Task brief » Could you copy exactly the lines below, beginning at the line with "Restauracja Pod Łososiem" and stopping after the line with "Dự lễ khởi công", with no pictures?

-- Provided records follows --

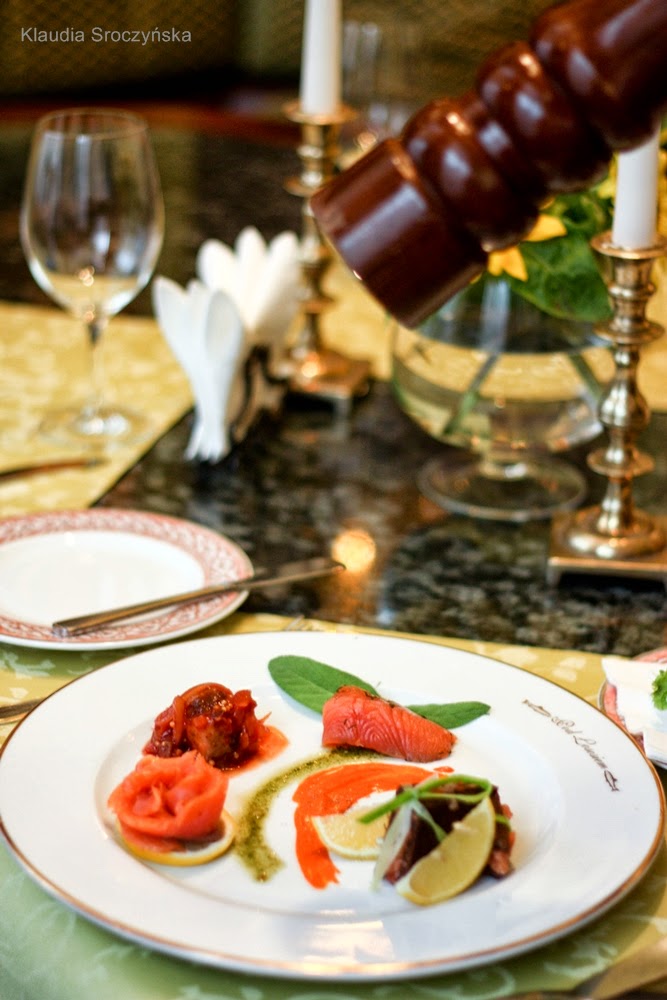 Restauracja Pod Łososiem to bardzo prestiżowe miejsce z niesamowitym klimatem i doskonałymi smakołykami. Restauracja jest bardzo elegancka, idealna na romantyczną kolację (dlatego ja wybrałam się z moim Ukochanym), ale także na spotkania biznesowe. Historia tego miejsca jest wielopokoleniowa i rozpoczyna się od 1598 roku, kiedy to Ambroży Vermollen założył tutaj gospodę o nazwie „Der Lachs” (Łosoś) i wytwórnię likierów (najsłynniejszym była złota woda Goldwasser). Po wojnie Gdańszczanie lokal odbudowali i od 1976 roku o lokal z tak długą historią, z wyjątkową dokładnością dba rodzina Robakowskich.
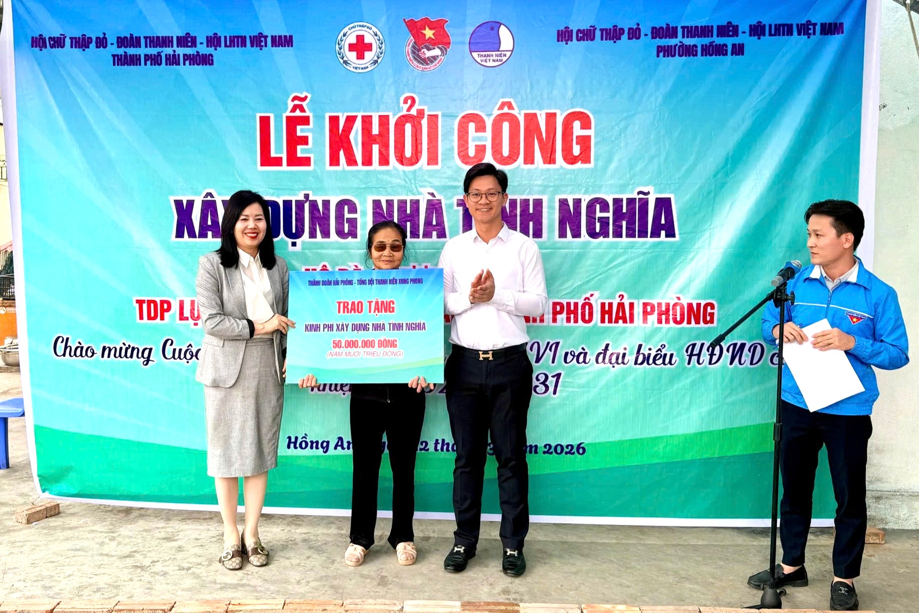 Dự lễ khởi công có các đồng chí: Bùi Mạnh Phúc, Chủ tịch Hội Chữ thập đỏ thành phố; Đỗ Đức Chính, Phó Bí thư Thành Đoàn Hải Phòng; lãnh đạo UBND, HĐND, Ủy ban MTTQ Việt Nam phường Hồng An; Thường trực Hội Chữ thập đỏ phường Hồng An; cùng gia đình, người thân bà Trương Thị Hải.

-- Provided records concluded --
-- Provided records follows --

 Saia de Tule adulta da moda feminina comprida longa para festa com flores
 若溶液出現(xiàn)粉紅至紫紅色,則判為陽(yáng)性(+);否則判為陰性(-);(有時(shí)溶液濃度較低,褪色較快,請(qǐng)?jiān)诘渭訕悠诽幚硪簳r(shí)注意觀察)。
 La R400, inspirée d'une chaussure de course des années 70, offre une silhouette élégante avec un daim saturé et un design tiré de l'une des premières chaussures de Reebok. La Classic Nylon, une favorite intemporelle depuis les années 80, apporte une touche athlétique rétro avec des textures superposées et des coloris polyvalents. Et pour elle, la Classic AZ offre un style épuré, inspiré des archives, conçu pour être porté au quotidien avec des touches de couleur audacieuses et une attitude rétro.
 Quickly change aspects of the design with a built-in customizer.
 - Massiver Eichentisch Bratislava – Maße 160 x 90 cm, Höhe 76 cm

-- Provided records concluded --

Answer space »
 Restauracja Pod Łososiem to bardzo prestiżowe miejsce z niesamowitym klimatem i doskonałymi smakołykami. Restauracja jest bardzo elegancka, idealna na romantyczną kolację (dlatego ja wybrałam się z moim Ukochanym), ale także na spotkania biznesowe. Historia tego miejsca jest wielopokoleniowa i rozpoczyna się od 1598 roku, kiedy to Ambroży Vermollen założył tutaj gospodę o nazwie „Der Lachs” (Łosoś) i wytwórnię likierów (najsłynniejszym była złota woda Goldwasser). Po wojnie Gdańszczanie lokal odbudowali i od 1976 roku o lokal z tak długą historią, z wyjątkową dokładnością dba rodzina Robakowskich.
 Dự lễ khởi công có các đồng chí: Bùi Mạnh Phúc, Chủ tịch Hội Chữ thập đỏ thành phố; Đỗ Đức Chính, Phó Bí thư Thành Đoàn Hải Phòng; lãnh đạo UBND, HĐND, Ủy ban MTTQ Việt Nam phường Hồng An; Thường trực Hội Chữ thập đỏ phường Hồng An; cùng gia đình, người thân bà Trương Thị Hải.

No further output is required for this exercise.